Records drawn from a dataset
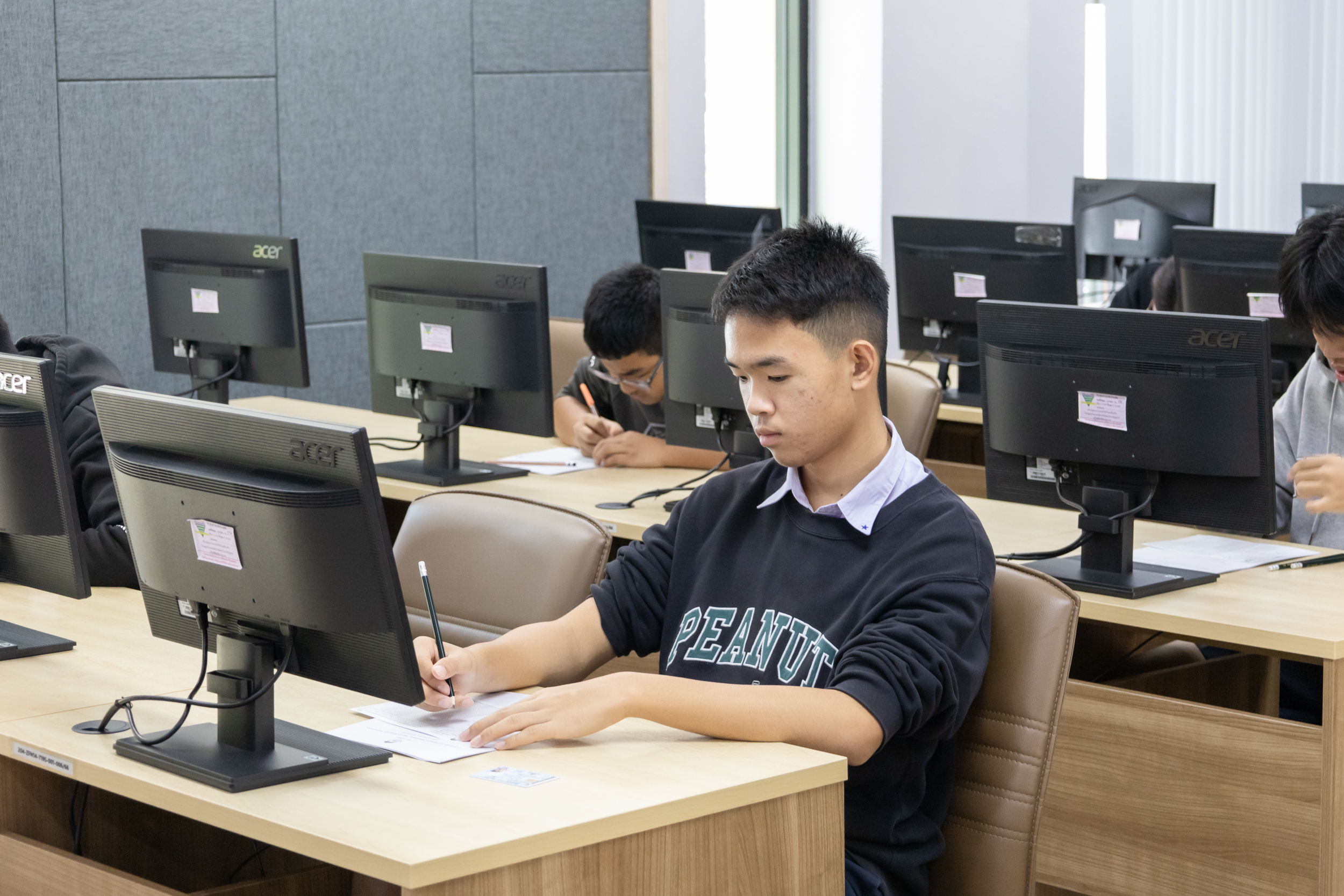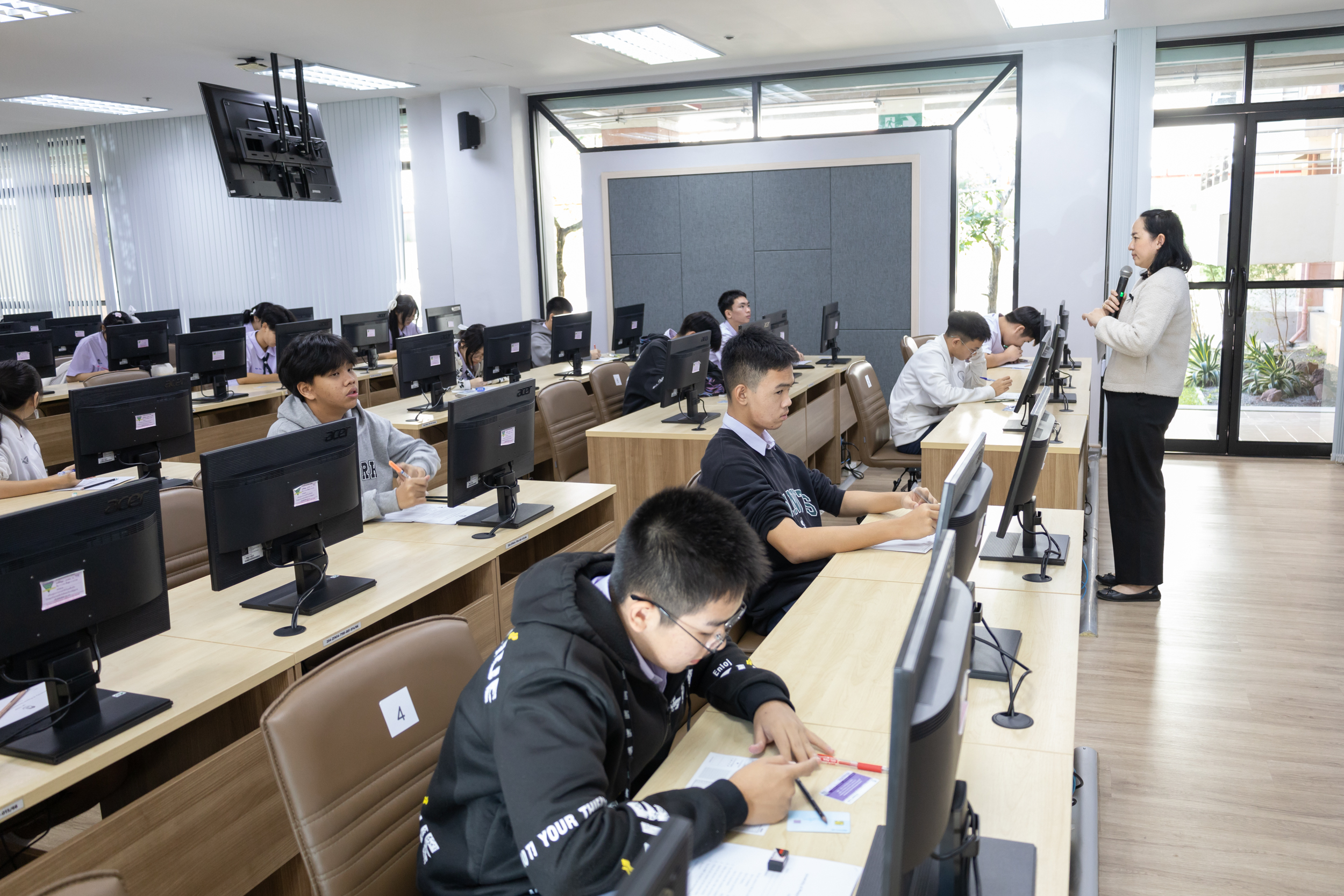 ศูนย์ภาษา คณะศิลปศาสตร์ มหาวิทยาลัยพะเยา ได้จัดสอบวัดความรู้ภาษาอังกฤษแก่นักเรียนโรงเรียนสาธิต มหาวิทยาลัยพะเยา ระดับมัธยมศึกษา ที่ 4-6 จำนวน 201 คน ด้วยข้อสอบศูนย์ภาษา เพื่อประเมินทักษะด้านภาษาอังกฤษ และเป็นข้อมูลในการพัฒนาทักษะความรู้ด้านภาษาอังกฤษให้มีคุณภาพในระดับสากล ตามนโยบายการพัฒนาศักยภาพผู้เรียนในศตวรรษที่ 21 โดยจัดขึ้นในวันจันทร์ที่ 24 พฤศจิกายน 2568 ณ ห้องศูนย์ทดสอบและห้องปฏิบัติการทางภาษา (CE 12203) คณะศิลปศาสตร์ มหาวิทยาลัยพะเยา
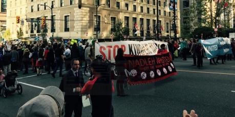 據英語電台CKNW報道﹐溫哥華市政府大樓外11月19日中午有大型集會和遊行﹐抗議油公司Kinder Morgan 的 Trans Mountain輸油管擴建計劃﹐要求聯邦政府否決申 請﹐約1000人參加。
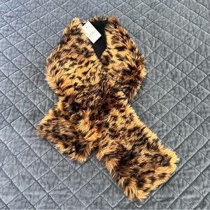 J. Crew Scarf Leopard Animal Print Faux Fur Brown Black Neck Wrap Warmer
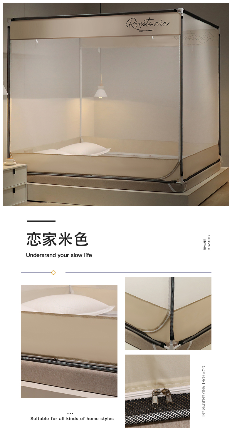 当前位置: 91家纺网 > 商品网购 > 床上用品 > 蚊帐 > 坐床式蚊帐 > 佳梦家纺 2023新款方顶印花坐床蚊帐 恋家-米色
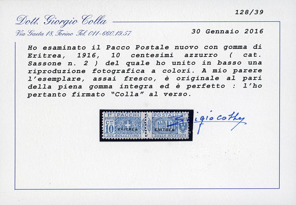 PACCHI POSTALI 1916 - Nodo di Savoia, soprastampati "Eritrea" in caratteri piccoli, serie completa (1/8), gomma originale integra, perfetti e molto freschi. Ottima qualità. Cert. Colla per il raro 10 cent. e Raybaudi per il 3 e 4 lire.
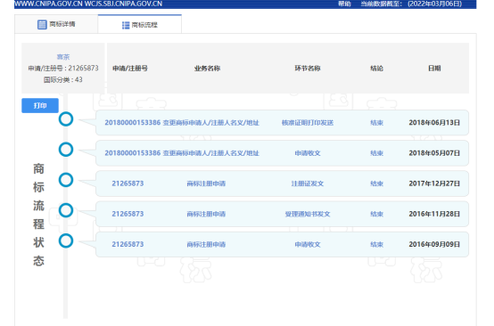 据查,原告已成功注册多件“Heytea”、“HEYTEA”“INSPIRATIONOFTEA”商标,目前这些商标均在有效期内,其依法享有对这些商标在核准使用的商品/服务项目上的独占使用权利。
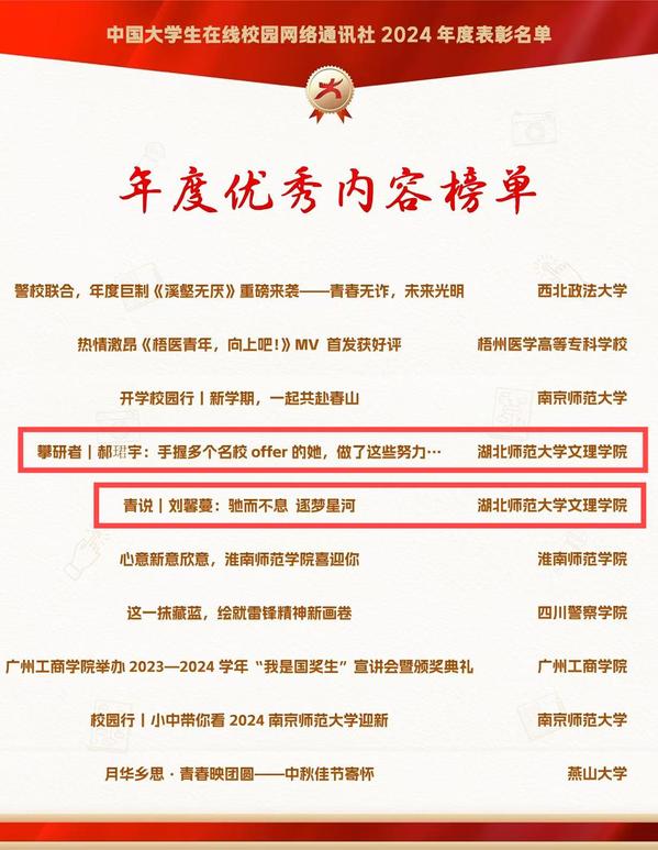 本网讯 12月26日,由教育部中国大学生在线评选的2024年度校园新媒体表彰名单正式公布,米兰体育(中国)官方在线登录大学生记者团师生喜获“优秀校网通站”“优秀学生编辑”“校网通优秀指导老师”“年度优秀内容榜单”四项荣誉。
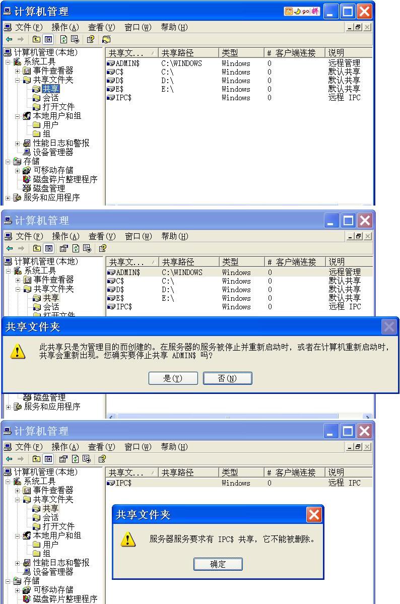 以上是在关闭IP$~C$~D$等磁盘分区的默认自动共享修改注册表以后再用批处程序执行一次即将删除默认自动共享的磁盘分区和目录。
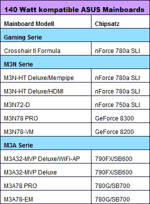 ASUS hat als erster Hersteller eine Liste herausgegeben, auf der zahlreiche Mainboards gelistet werden, die Prozessoren mit einer TDP von 140 Watt unterstützen. Gemeint ist damit natürlich in erster Linie AMDs Phenom X4 9950 mit 2,6 GHz, der mit einer derart hohen Verlustleistung an den Start gehen wird. ASUS gab außerdem bekannt, die Liste in absehbarer Zeit noch zu ergänzen.
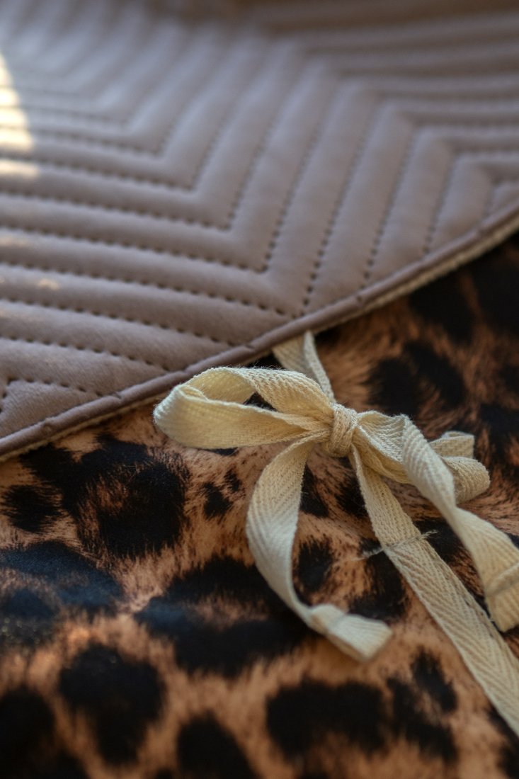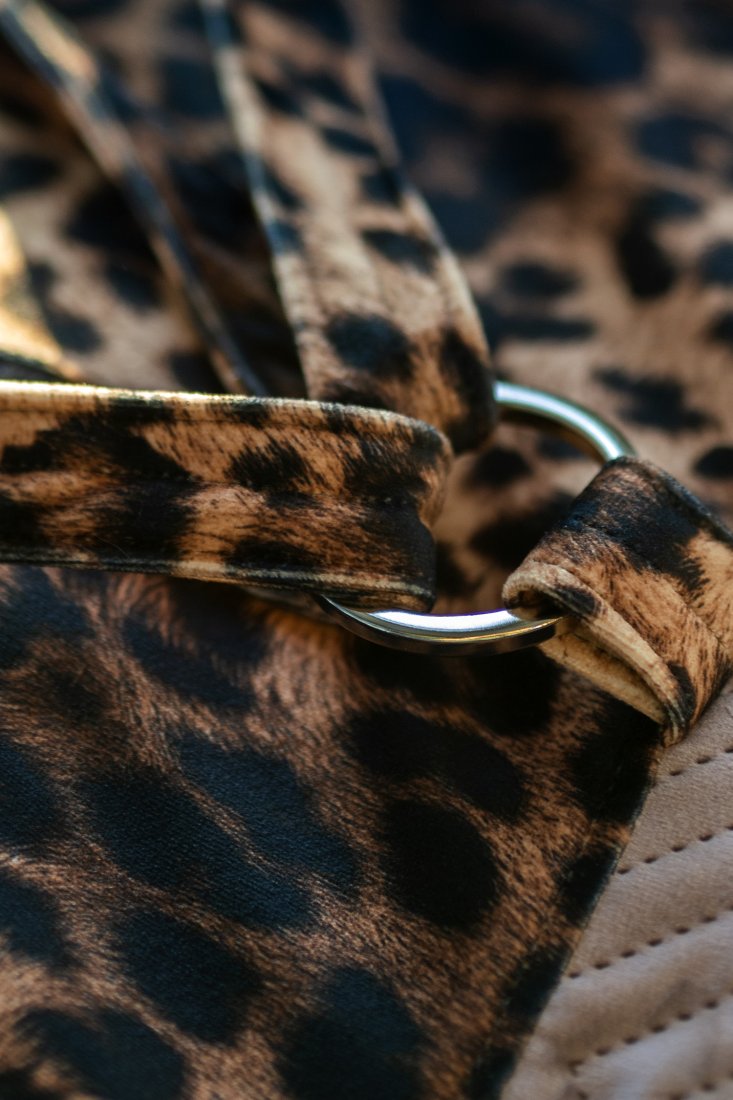 Plecak wykonany z weluru w panterkę z welurową, pikowaną klapą w kolorze brudnego różu.
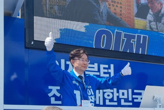 12일 더불어민주당 안동예천선거대책위원회 김상우 상임총괄선대위원장이 안동신시장에서 유세를 하고 있다.
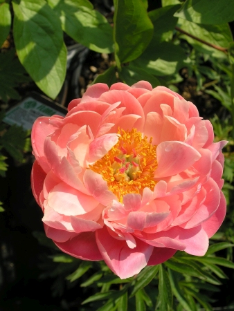 Пион Корал Н Голд гибрид, простая форма цветка.Цветок нежного, сияющего кораллового цвета .
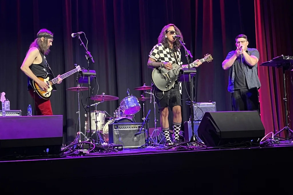 Le Ghast is a trailblazing trio that seamlessly blends moody atmospheres with infectious grooves, creating a sound that is both hauntingly unique and undeniably captivating. With a signature style that has been dubbed “Prom Rock,” their music evokes the sensation of being lost in a moment—a lone dancer under a disco ball, swept up in dreamy, otherworldly vibes.

WHAT NEEDS TO BE DONE: Only one stretch of the entries above is needed: the lines from the one containing "據英語電台CKNW報道﹐溫哥華市政府大樓外11月19日中午有大型集會和遊行﹐抗議油公司Kinder Morgan 的" through the one containing "以上是在关闭IP$~C$~D". Copy it exactly, without the pictures.

SOLUTION TO THIS PROBLEM:
 據英語電台CKNW報道﹐溫哥華市政府大樓外11月19日中午有大型集會和遊行﹐抗議油公司Kinder Morgan 的 Trans Mountain輸油管擴建計劃﹐要求聯邦政府否決申 請﹐約1000人參加。
 J. Crew Scarf Leopard Animal Print Faux Fur Brown Black Neck Wrap Warmer
 当前位置: 91家纺网 > 商品网购 > 床上用品 > 蚊帐 > 坐床式蚊帐 > 佳梦家纺 2023新款方顶印花坐床蚊帐 恋家-米色
 PACCHI POSTALI 1916 - Nodo di Savoia, soprastampati "Eritrea" in caratteri piccoli, serie completa (1/8), gomma originale integra, perfetti e molto freschi. Ottima qualità. Cert. Colla per il raro 10 cent. e Raybaudi per il 3 e 4 lire.
 据查,原告已成功注册多件“Heytea”、“HEYTEA”“INSPIRATIONOFTEA”商标,目前这些商标均在有效期内,其依法享有对这些商标在核准使用的商品/服务项目上的独占使用权利。
 本网讯 12月26日,由教育部中国大学生在线评选的2024年度校园新媒体表彰名单正式公布,米兰体育(中国)官方在线登录大学生记者团师生喜获“优秀校网通站”“优秀学生编辑”“校网通优秀指导老师”“年度优秀内容榜单”四项荣誉。
 以上是在关闭IP$~C$~D$等磁盘分区的默认自动共享修改注册表以后再用批处程序执行一次即将删除默认自动共享的磁盘分区和目录。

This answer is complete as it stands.